DATASET CONTENT:
=====

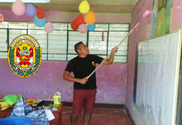 El Comisario Moreyra y sus hombres prestan ayuda al I. E. 366 del anexo de Pichuta pintando y haciendo limpieza de las aulas.
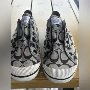 Coach slip on sneaker, like new SIZE 8 1/2 B, black, and white, good condition
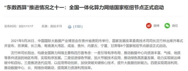 下图是我在发改委官网找的,2021年5月26日,国家发改委高技术司司长就在贵阳正式宣布八大国家算力枢纽节点建设正式启动,这个时间到今天已经三年以上了。
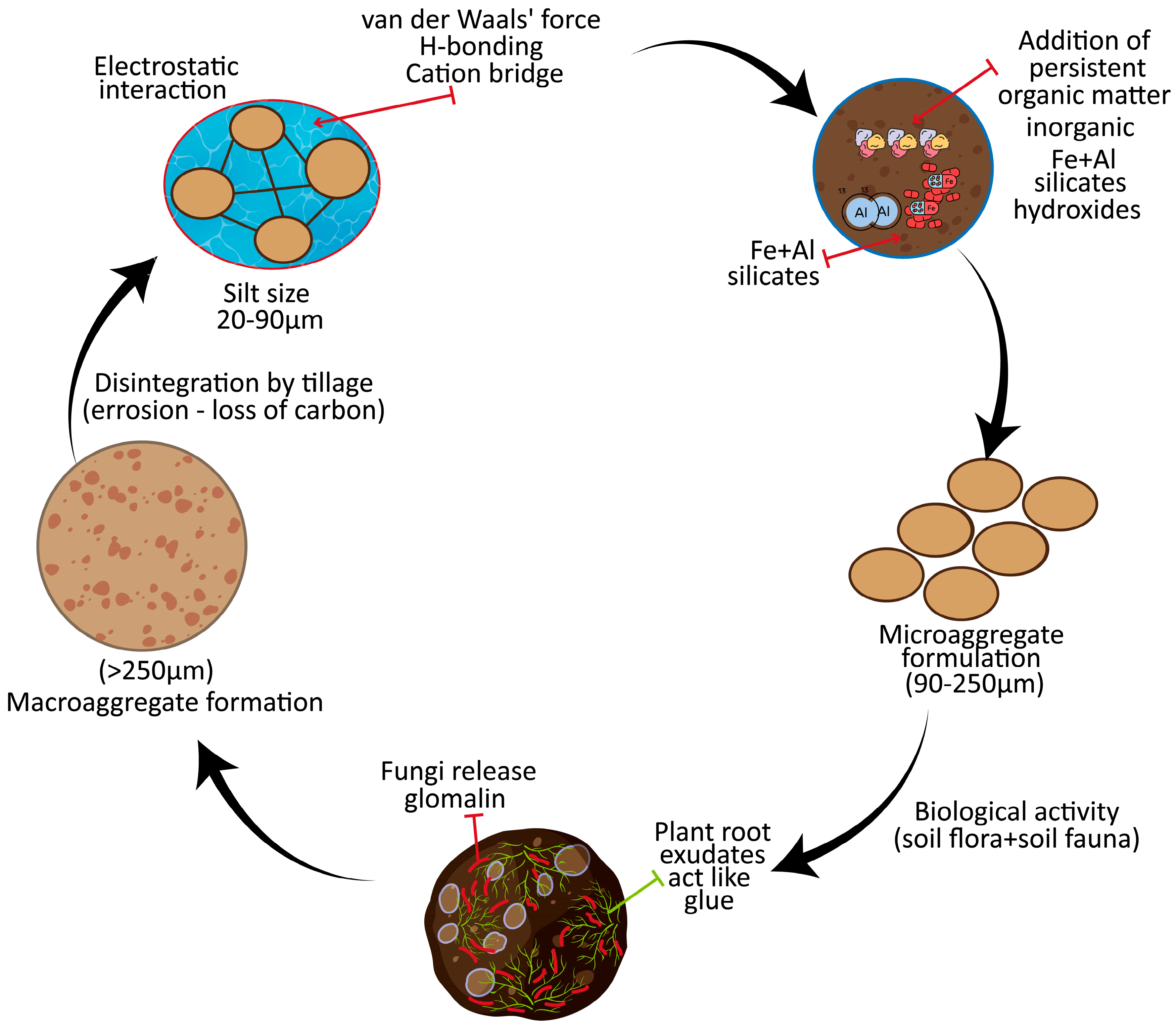 | Carbon Sequestration | The OM is physically protected by macro-aggregates while organo-mineral association protects the SOC | Reduction in greenhouse gas emission, protection of SOC for long-term | [54,55,56] |

=====

TASK REQUIREMENTS: None of the pictures belong in the copy; repeat all other material exactly.

EXERCISE RESPONSE:
 El Comisario Moreyra y sus hombres prestan ayuda al I. E. 366 del anexo de Pichuta pintando y haciendo limpieza de las aulas.
 Coach slip on sneaker, like new SIZE 8 1/2 B, black, and white, good condition
 下图是我在发改委官网找的,2021年5月26日,国家发改委高技术司司长就在贵阳正式宣布八大国家算力枢纽节点建设正式启动,这个时间到今天已经三年以上了。
 | Carbon Sequestration | The OM is physically protected by macro-aggregates while organo-mineral association protects the SOC | Reduction in greenhouse gas emission, protection of SOC for long-term | [54,55,56] |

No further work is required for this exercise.